Начав разговор в таком тоне дружеского расположения, который исключал воспоминания о былом расхождении, Вебер и Россини, как старые друзья, заговорили о музыке и театре. Пышущий здоровьем итальянец обнял человека, от которого осталась одна тень да горящие глаза. Когда же маэстро узнал, что Вебер решил отправиться в Лондон, чтобы поставить там своего «Оберона», он, видя, в каком тот плачевном состоянии, попытался отговорить его от поездки. Но несчастный Вебер ответил, что уже ничего изменить не может (он не знал, что в Англии его ждёт смерть), и тогда Россини вручил ему горячее рекомендательное письмо к королю Георгу. Растроганный маэстро проводил Вебера вниз по лестнице. Он словно чувствовал, что больше не увидит его.
— Это тоже критик, — сказал он, вернувшись, — но такой серьёзный, что от него всё можно выслушать, потому что он умеет не только критиковать, но и дело знает, сам может писать музыку. Видимо, поэтому он всё понял и признал свою ошибку. Поймут и другие, те, что критикуют меня сейчас. Их убедит время. Нужно только подождать. Вот только пока будешь ждать, рискуешь превратиться в старика...

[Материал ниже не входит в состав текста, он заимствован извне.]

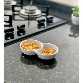 A Petisqueira melamina é ideal para servir petiscos, salgados, frutas, doces e porções com molho ou acompanhamento na divisão do centro
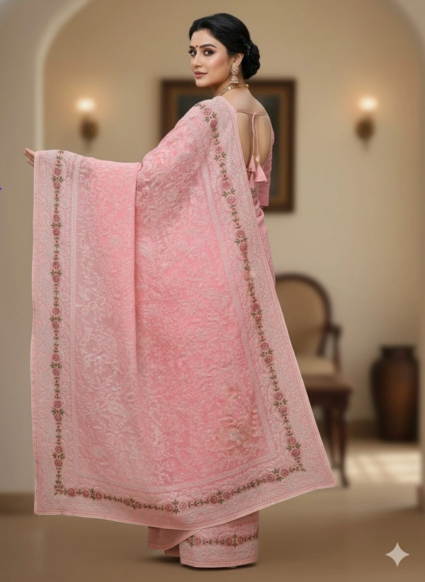 This Lucknowi Chikankari saree is crafted with fine hand embroidery on soft and lightweight fabric, offering both comfort and elegance. The breathable material makes it ideal for all-day wear, especially in warm weather. Suitable for casual outings, office wear, and festive occasions, this saree is a perfect blend of tradition and modern style.
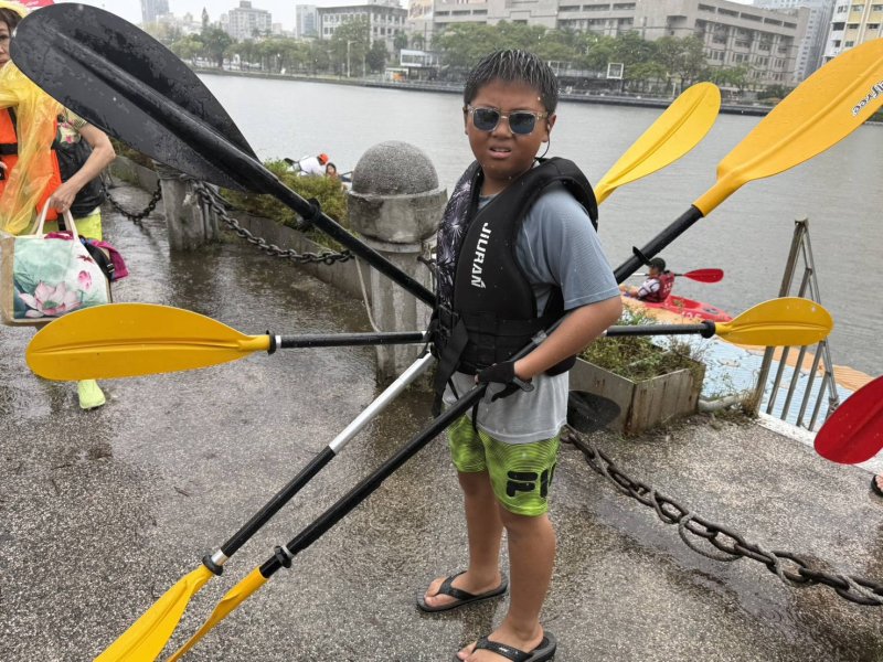 來自烏克蘭的同學,是鹽埕國小的學生,他說,今天是第一次體驗獨木舟,因為方向感不是很好,需要更多的學習與控制。但他說,最喜歡玩的是suv,水上運動真的很好玩。

Как обычно, Россини не мог не пошутить. Это был способ подходить к серьёзным проблемам и облегчать их решение. А для него риск оказаться стариком уже был. Не годы давали себя знать, нет — ему всего тридцать четыре. Но он почему-то быстро состарился. Трудно сказать почему. Может, не такого уж он крепкого сложения, как кажется, может, из-за чрезмерной работы за последние шестнадцать лет (около сорока опер), из-за беспрестанных переездов и бесконечных репетиций, а также (да, да, маэстро, надо признать и это!) из-за любовных приключений. Он подростком имел столько связей, сколько другие не имеют, уже став зрелыми мужчинами. И за этот аванс приходилось теперь расплачиваться: в тридцать четыре года он выглядел по крайней мере на десять лет старше.

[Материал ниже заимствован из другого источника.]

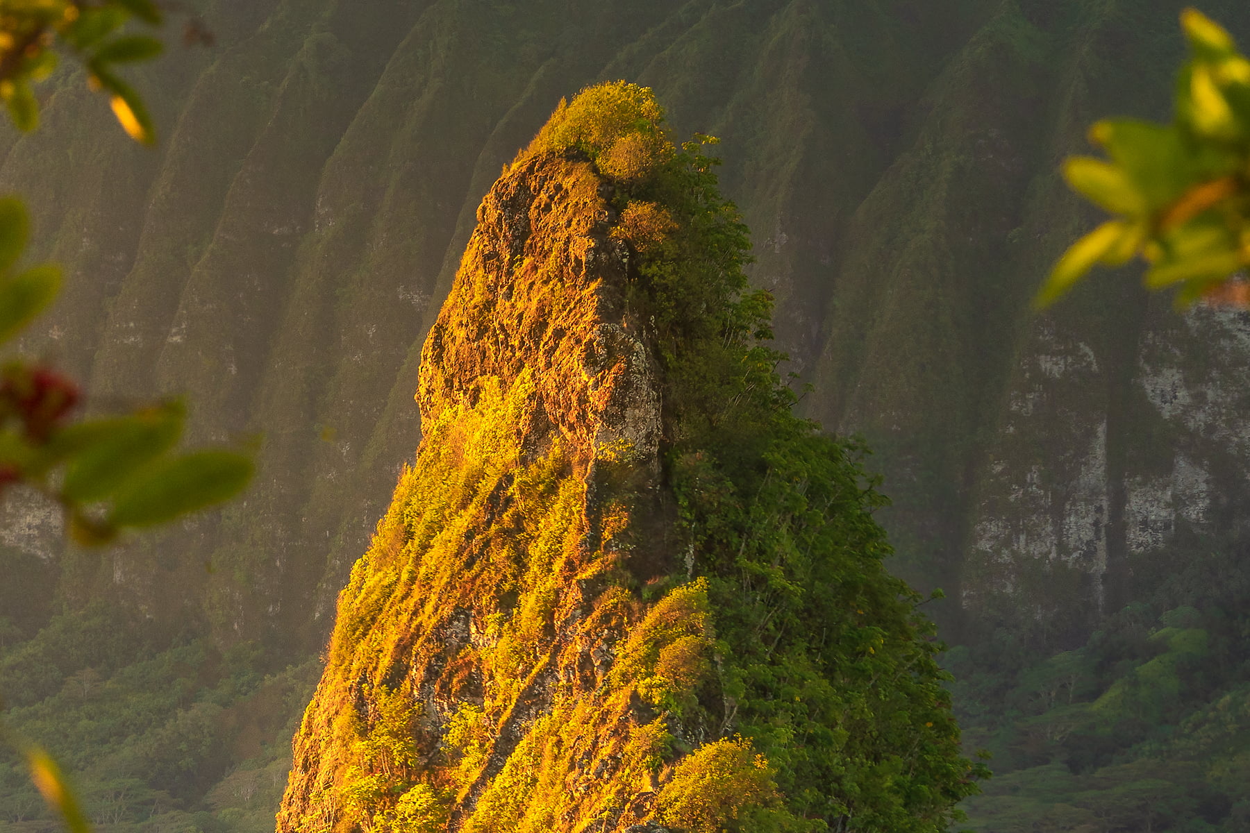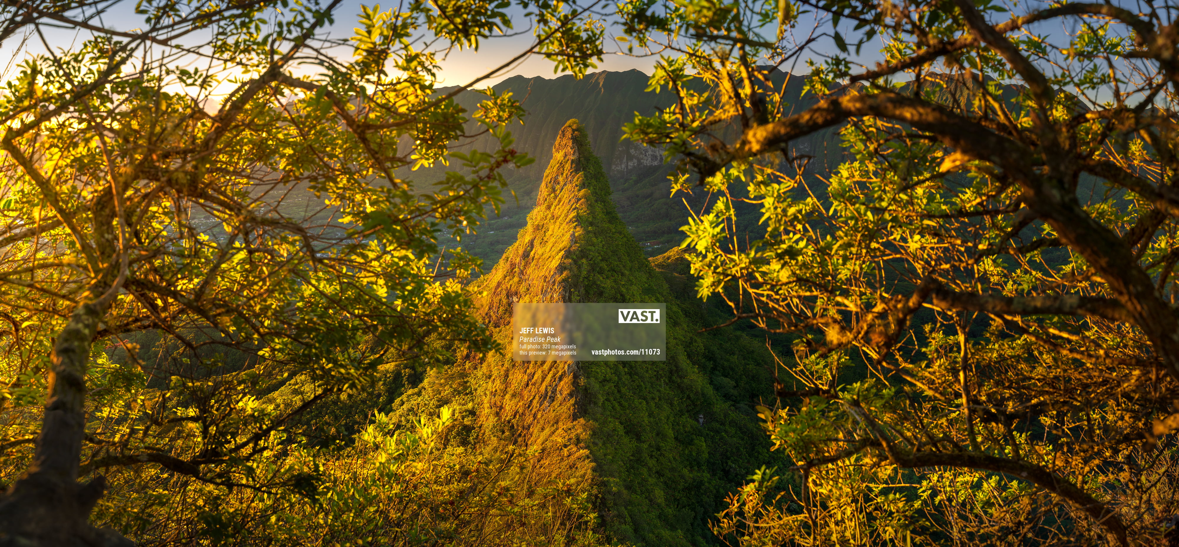 I also captured more "open" vistas this morning, but this perfect tree frame was my favorite. It was a rare, remarkably clear morning, with all the mountains fully visible, and powerful golden sunlight illuminating every leaf and hillside. This VAST photo showcases every detail on this particularly dramatic mountain peak, with a couple of the local neighborhoods below visible between the tree branches. What a view!

Тучность отяжелила фигуру, которая прежде была такой стройной и изящной, волосы осыпались прядями, оголяя череп, выпадали зубы, а углы рта обвисли над пухлым выпятившимся подбородком.
Но он не старел душой, не терял живости ума, напротив, ум его становился яснее, глубже, ярче. А вот дряхлость тела в такие-то молодые годы унижала его. И быстрое выпадение зубов вызывало опасение, что придётся слишком ограничивать себя в любимых блюдах. Он говорил:
— Без зубов как украшения лица можно обойтись, но без зубов как инструмента для еды — невозможно.
И тут он подумал: чтобы сохранить молодость, наверное, нужно много работать. А он теперь... Он давно уже перестал работать, всё откладывал, откладывал, да так и задремал в сладком безделье. Эй, надо встряхнуться! Надо снова как следует взяться за работу! И прежде всего позаботиться о хороших исполнителях для тех опер, которые он напишет, подобрать новых певцов для Итальянского театра. Есть ещё одно важное дело — своего рода акт справедливости и признательности, который надо совершить. Герольд, славный, верный Герольд, хороший композитор — он назначит его «директором пения» Итальянского театра. Потом он стал собирать певцов. Список блистает звёздами: Паста, Шутц, Эстер Момбелли — его старая, добрая знакомая, молодая певица Зонтаг[70], тенора Донцелли и Рубини, Цуккели, Пеллегрини, Грациани... Писать для такой труппы должно быть одно удовольствие. И Россини принимается сочинять музыку, но... для другого состава исполнителей — для труппы Оперы. Ирония?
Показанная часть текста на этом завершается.